Modifying a Security Policy Using the Control System

Prerequisites

If not already done, you must first set the related cluster as the global policy master node for the Container Location Database (CLDB) associated with the security policy being modified. See Configuring the Global Policy Master for more information.

Procedure

  1. Log in to the Control System and go to the Security Policies tag in the Admin > Cluster Settings page to view the list of security policies that you are allowed to see.
  2. Click the name of the security policy to display the Edit Security Policy page.
  3. Make changes to the security policy status by selecting the state to transition to from the drop-down list of statuses next to the Edit Security Policy label.
    See Changing the State of a Security Policy for more information on the various states and the valid state to which you need to transition a security policy.
  4. Modify any of the following properties:
    Description The description of the policy. The maximum length of the description is 128 characters.
    Enable Wire-level Encryption The wire-level encryption setting. Enable (Yes) or disable (No) wire-level encryption by moving the slider.
    Enable Audit Operations The audit setting for files, directories, tables, and streams. Enable (Yes) or disable (No) auditing of operations on files, directories, tables, and streams by moving the slider.
    Audit Operations (Visible only if auditing is enabled) The list of file, directory, table, and stream operations to audit. Select the default list of operations to audit by choosing the Default radio button. Select specific file, directory, table, and streams operations to audit by choosing the Custom radio button. Enabling setattr automatically enables the following operations:
    • chown
    • chgrp
    • chperm
    If you disable setattr, these operations are automatically disabled. If you do nothing with setattr (neither enable nor disable), you can enable or disable chown, chgrp, and chperm in any combination and they will not affect setattr.
    Allow Tagging

    (For JSON Tables)

    		 The setting to enable (Yes) or disable (No) tagging of JSON tables for this security policy. If Yes, users can tag data objects of JSON tables with this policy. If No, users cannot tag data objects of JSON tables with this security policy. See Changing the State of a Security Policy for more information.
  5. Make changes to data access control as needed in the Data Access Control section.
    1. Select one of the following state for access control.
      • Disarmed—Indicates access control is not enforced by the Access Control Expression (ACE) settings defined in the policy
      • Armed—Indicates access control is enforced by the ACE settings defined in the policy
      • Denied—Indicates access control is always denied.
      For more information on access control states, see Changing the State of a Security Policy.
    2. Set new or modify existing ACEs for users, groups, and/or roles.
      You can:
      • Create a copy of an existing ACE setting for an entity (user, group, or role) by clicking , which you can then modify.
      • Remove ACEs for an entity (user, group, or role) by clicking .
      • Set new ACEs if you have not set ACEs before for users, groups, or roles by clicking Add Access Permission.
      • Add ACEs for another user, group, or role by clicking Add Another.
      • Modify an existing ACE setting for an entity (user, group, or role) by clicking .
      After you click Add Access Permission, Add Another, or , the Add Access Permission window displays. You can:
      1. Enter new or modify the existing comma-separated list of users, groups, or roles to grant access to in the Users, Groups, and Roles text boxes respectively. Select the Custom ACE checkbox to manually enter the ACE in the text box that appears.

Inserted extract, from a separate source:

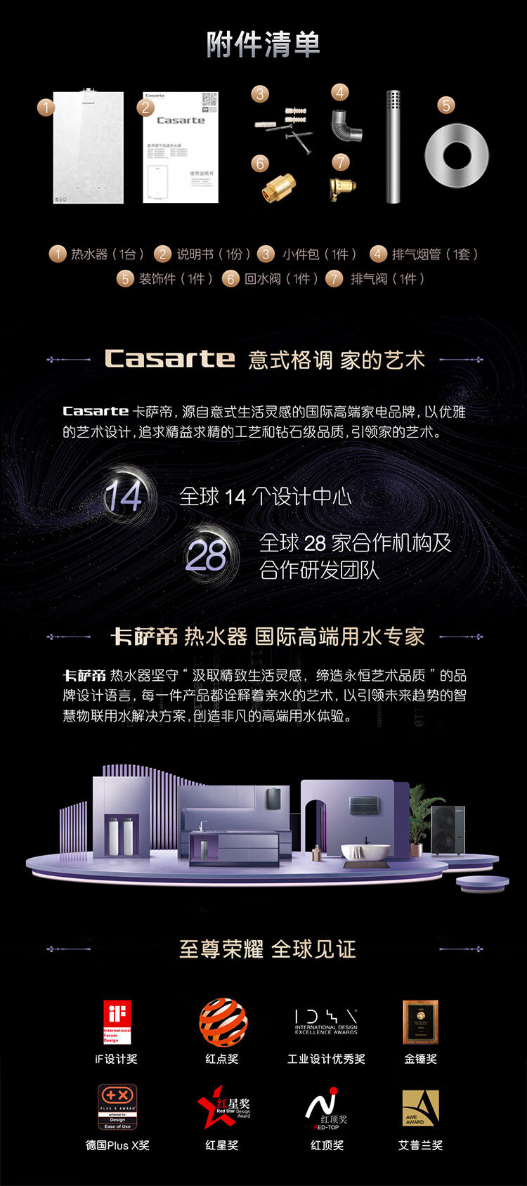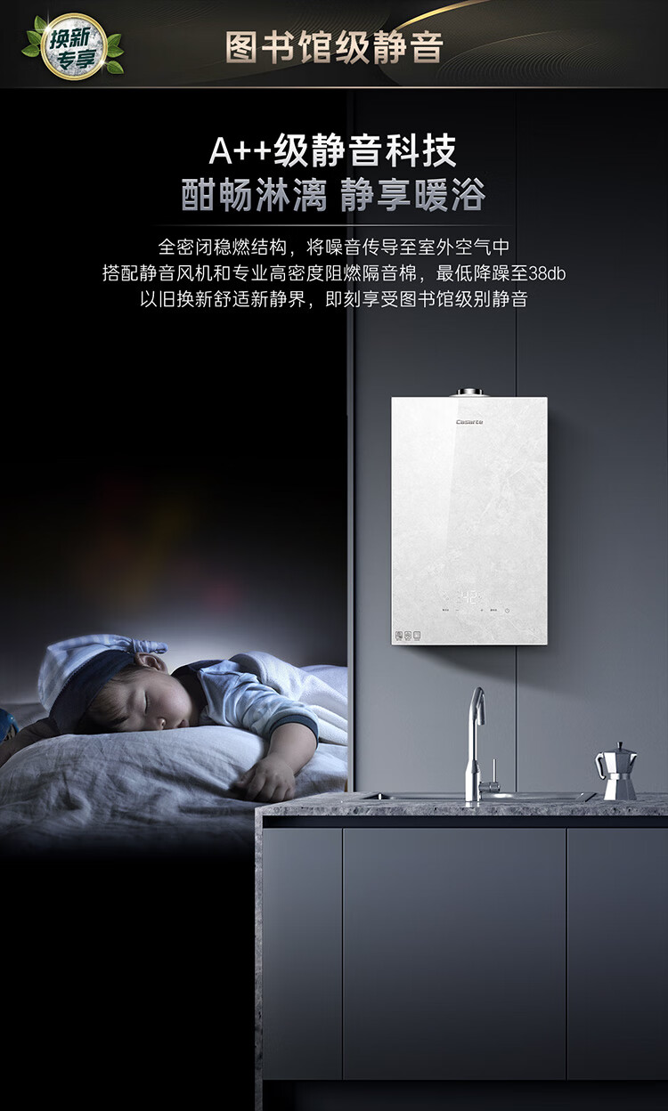 卡萨帝(Casarte)16升燃气热水器天然气无级变频水伺服真恒温小体积自由嵌 零冷水瀑布洗一级静音JSG31-16CU3FRPGU1

        For more information on how to build the custom access control expression, see Managing Access Control Expressions.

      2. Click Next: Select Permissions to display the Add Access Permissions page.
        The following table describes the permissions that can be granted to the specified users, groups, or roles in this page:
        Object Permission
        Directories
        • Read the contents of a directory. If you do not select this option, mode bits are used to determine read access. To read the contents of a directory that is tagged with this security policy, the user must also have read permissions on the volume, the parent directory (if any), and the file.

          This is the same as the readdirace property in the CLI.

        • Lookup or list the contents in a directory. If you do not select this option, mode bits are used to determine lookup access. To read the contents of a directory that is tagged with this security policy, the user must also have read permissions on the volume and the directory.

          This is the same as the lookupdirace property in the CLI.

        • Add a file or subdirectory. If you do not select this option, mode bits are used to determine permissions to create files or subdirectories. To add a child to a directory that is tagged with this security policy, the user must also have write permissions on the volume and the parent directory, add child permission on the parent directory, and read and execute permissions on all directories in the path.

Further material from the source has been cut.